9. Talk about the underlying principle of the index (hash index and B+ tree)

The underlying principle of the index refers to the process of how the database implements the index. In MySQL, common index types include B-Tree index and hash index.

A B-Tree index is a balanced tree structure that stores index information by dividing data into blocks. Each node contains a key value and pointers to child nodes. The B-Tree index can ensure that the target data row can be found by traversing down the tree structure during query, so it has better query performance.

A hash index is a data structure based on a hash table, which stores index information by mapping a key value to a location in the hash table. Hash indexes are suitable for equivalent queries, that is, the query conditions only involve the value of the key and not the order of the key. Since the lookup time complexity of the hash table is O(1), the hash index has very fast query performance. However, the hash index does not support range query and sorting operations, so it needs to be selected according to specific needs in practical applications.

Whether it is a B-Tree index or a hash index, they all speed up data retrieval operations by creating an index structure in memory. When querying, the database will first check whether the index structure in the cache exists, and if it exists, it will return the result directly; if it does not exist, it needs to read the data file from the disk and build the index structure, and then perform the query operation.
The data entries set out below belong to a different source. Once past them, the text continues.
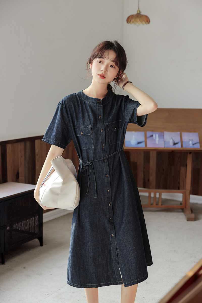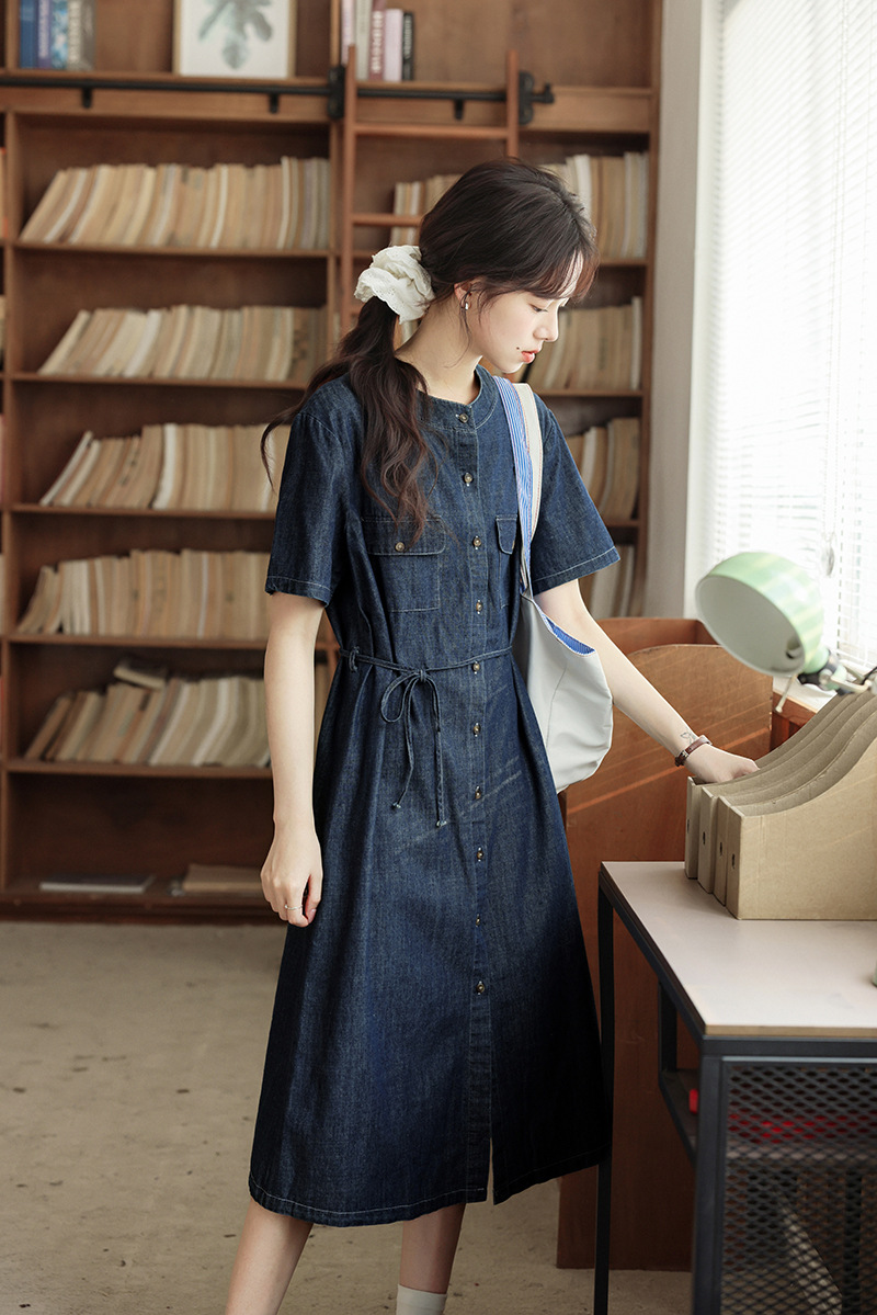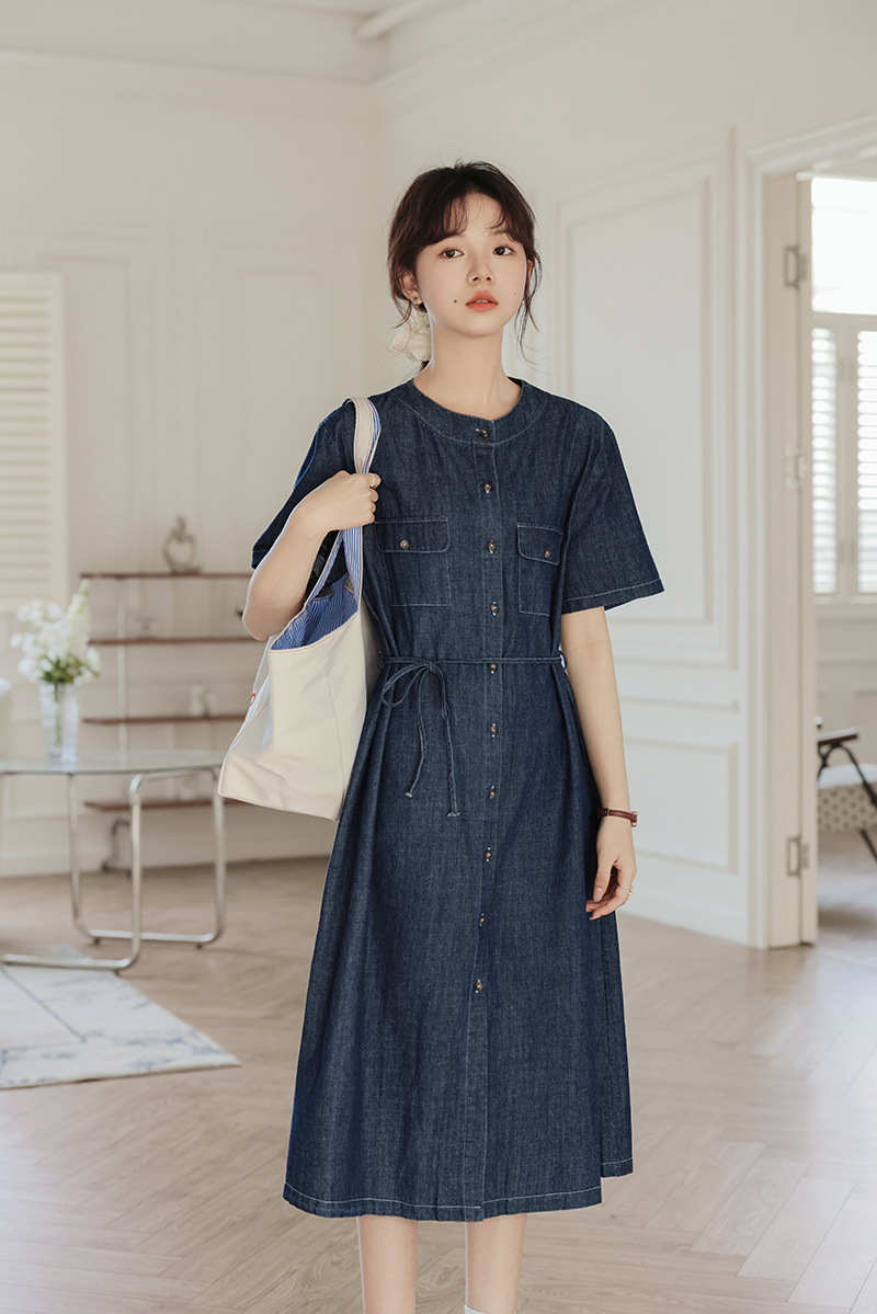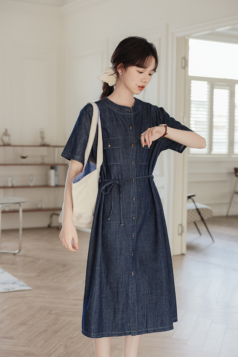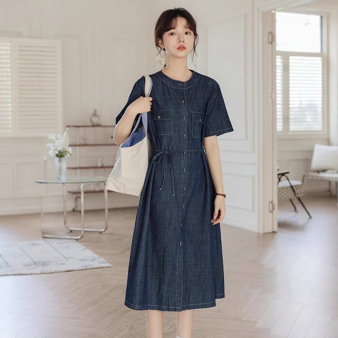 2025 년 여름 새로운 한국 패션 레트로 예술적 타이트 허리 슬리밍 우아한 데님 반팔 둥근 목 원피스 여성
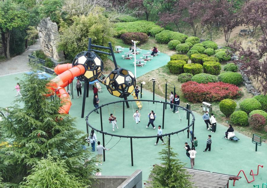3日、淮安市の盱眙象山公園で遊ぶ子ども。(ドローンから、淮安=新華社記者/季春鵬)
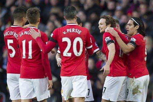 Manchester United's Daley Blind, center right, celebrates with teammates after forcing a Leicester own goal during the English Premier League soccer match between Manchester United and Leicester at Old Trafford Stadium, Manchester, England, Saturday Jan. 31, 2015. (AP Photo/Jon Super)
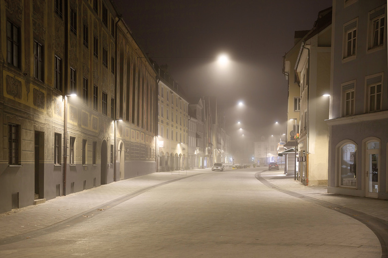 Definiert wird das Volumen des Hauptplatzes durch die geschlossene Bebauung entlang seiner Ränder. Fußwege, unmittelbar angrenzend an die Fassaden, verlaufen rund um die Platzfläche. Mast- und Wandleuchten erhellen die Gehwege und sorgen gleichzeitig für eine Aufhellung der Fassaden. Diese definierten Streiflichter auf den Häuserfronten blenden die für ein müheloses Erfassen des Raumes und eine gute Orientierung unverzichtbare Vertikale ein.
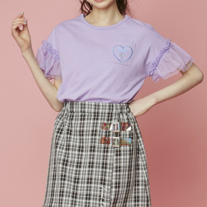 袖はチュール素材が二重になっており、オシャレ度アップの一枚。
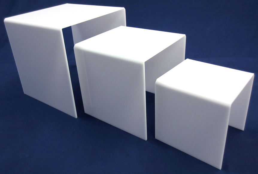 Custom white acrylic display cube riser, acrylic tabletop risers
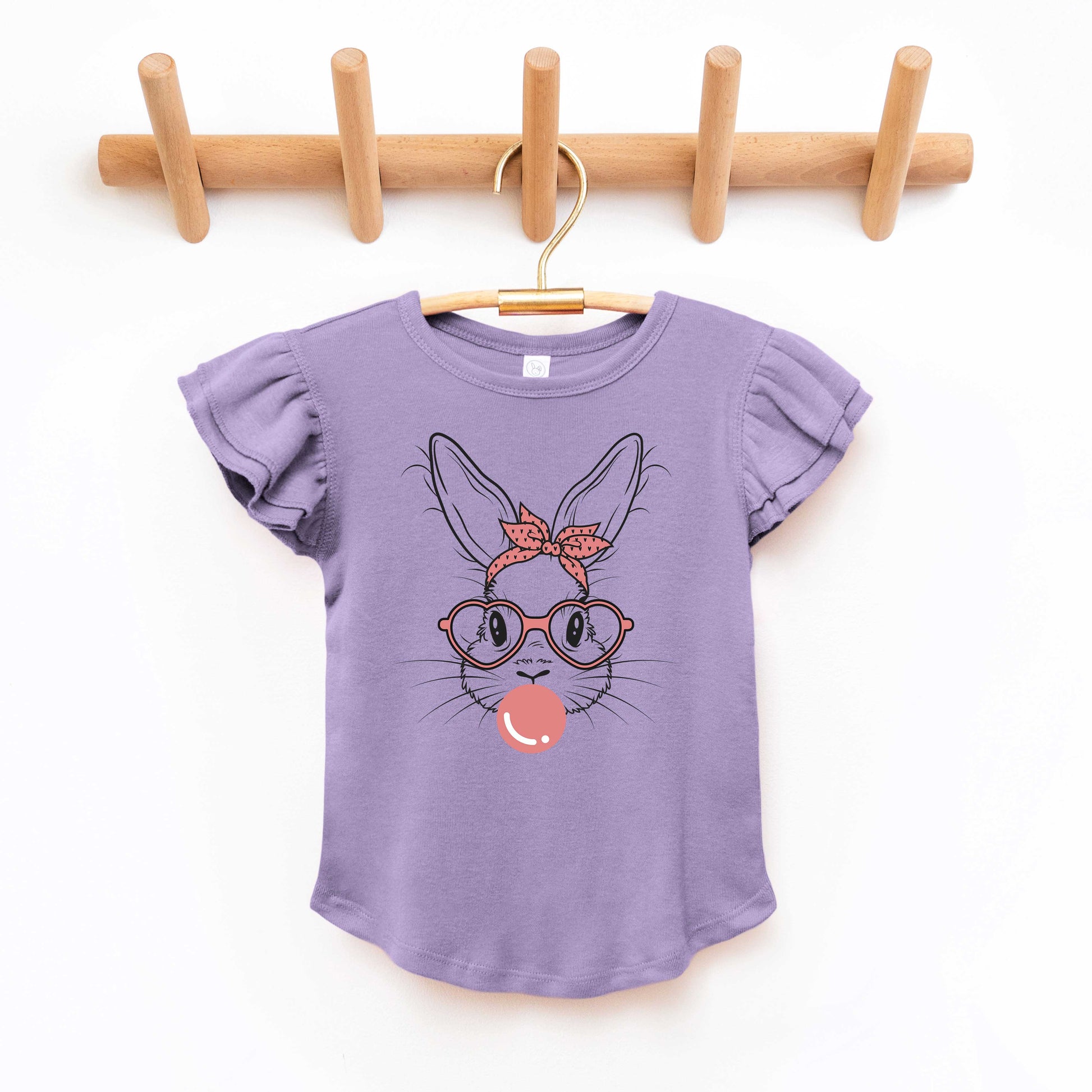Easter Bunny With Bubble Gum | Toddler Flutter Sleeve Crew Neck

It is important to note that indexes have an impact on the performance of insert, update, and delete operations. Therefore, when creating an index, trade-offs and choices need to be made according to specific business needs and data characteristics. At the same time, it is also necessary to maintain indexes regularly, delete unnecessary indexes, and rebuild indexes that are no longer used.

10. Talk about the time complexity of B+ tree and red-black tree

Both B+ trees and red-black trees are commonly used data structures for implementing indexes. They are all balanced and can guarantee that the complexity of inserting, deleting, searching and other operations is O(logn).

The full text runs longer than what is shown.